Real applications rarely let you test the UI in isolation. You need a user account to exist, an order to be seeded, a feature flag flipped, before the UI check makes sense. BrowserBash's testmd v2 format, also new in v1.5.0, handles this by mixing deterministic API steps with UI Verify steps in a single file, executed one step at a time against a single browser session.
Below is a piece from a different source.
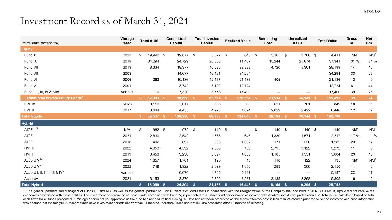 (in millions, except IRR) Vintage Year Total AUM Committed Capital Total Invested Capital Realized Value Remaining Cost Unrealized Value Total Value Gross IRR Net IRR Equity: Fund X 2023 $ 19,992 $ 19,877 $ 3,522 $ 645 $ 3,165 $ 3,766 $ 4,411 NM4 NM4 Fund IX 2018 34,294 24,729 20,853 11,467 15,244 25,874 37,341 31 % 21 % Fund VIII 2013 8,334 18,377 16,536 22,888 4,720 5,301 28,189 14 10 Fund VII 2008 — 14,677 16,461 34,294 — — 34,294 33 25 Fund VI 2006 363 10,136 12,457 21,136 405 — 21,136 12 9 Fund V 2001 — 3,742 5,192 12,724 — — 12,724 61 44 Fund I, II, III, IV & MIA1 Various 10 7,320 8,753 17,400 — — 17,400 39 26 Traditional Private Equity Funds2 $ 62,993 $ 98,858 $ 83,774 $ 120,554 $ 23,534 $ 34,941 $ 155,495 39 24 EPF IV 2023 3,110 3,017 686 68 621 781 849 18 11 EPF III 2017 3,444 4,455 4,928 4,024 2,029 2,422 6,446 12 7 Total Equity $ 69,547 $ 106,330 $ 89,388 $ 124,646 $ 26,184 $ 38,144 $ 162,790 Hybrid: AIOF III3 N/A $ 962 $ 972 $ 140 $ — $ 140 $ 140 $ 140 NM4 NM4 AIOF II 2021 2,630 2,542 1,768 646 1,330 1,571 2,217 17 % 11 % AIOF I 2018 402 897 803 1,062 171 220 1,282 23 17 HVF II 2022 4,853 4,592 2,830 150 2,795 3,122 3,272 11 9 HVF I 2019 3,453 3,238 3,697 4,053 1,185 1,551 5,604 23 18 Accord VI5 2024 1,857 1,701 126 13 116 122 135 NM4 NM4 Accord V5 2022 749 1,922 2,029 1,850 283 300 2,150 11 8 Accord I, II, III, III B & IV5 Various — 6,070 4,765 5,137 — — 5,137 22 17 Accord+ 2021 3,153 2,370 5,305 3,537 2,135 2,268 5,805 16 12 Total Hybrid $ 18,059 $ 24,304 $ 21,463 $ 16,448 $ 8,155 $ 9,294 $ 25,742 Investment Record as of March 31, 2024 23 1. The general partners and managers of Funds I, II and MIA, as well as the general partner of Fund III, were excluded assets in connection with the reorganization of the Company that occurred in 2007. As a result, Apollo did not receive the economics associated with these entities. The investment performance of these funds, combined with Fund IV, is presented to illustrate fund performance associated with Apollo’s investment professionals. 2. Total IRR is calculated based on total cash flows for all funds presented. 3. Vintage Year is not yet applicable as the fund has not had its final closing. 4. Data has not been presented as the fund’s effective date is less than 24 months prior to the period indicated and such information was deemed not meaningful. 5. Accord funds have investment periods shorter than 24 months, therefore Gross and Net IRR are presented after 12 months of investing.

Add version: 2 to the frontmatter and you get two step types that never touch a model at all: API steps for setup (GET/POST/PUT/DELETE/PATCH a URL, optionally with a body, and Expect status N, optionally storing a response value as a variable), and Verify steps for checking the result through the UI. Consecutive plain-English steps in between still run as grouped, agent-judged blocks against the same page.

---
version: 2
---

# Order confirmation with seeded data

- POST /api/orders with body {"item": "widget", "qty": 2}
- Expect status 201, store $.id as 'orderId'
- Go to http://localhost:3000/orders/{{orderId}}
- Verify 'widget' text visible
- Verify url contains "{{orderId}}"

This matters a lot in a Cursor workflow because it lets you hand Cursor a single file that both prepares state and checks the outcome, rather than relying on the agent to improvise API calls inside a plain-English objective (which it can do, but less reliably and with a model call on every run). One honest caveat: testmd v2 currently drives the builtin engine only, which needs ANTHROPIC_API_KEY or a compatible ANTHROPIC_BASE_URL gateway. It doesn't yet run directly on Ollama or OpenRouter, so if you're leaning on local models for everything else, v2 files are the one place you'll need a hosted key.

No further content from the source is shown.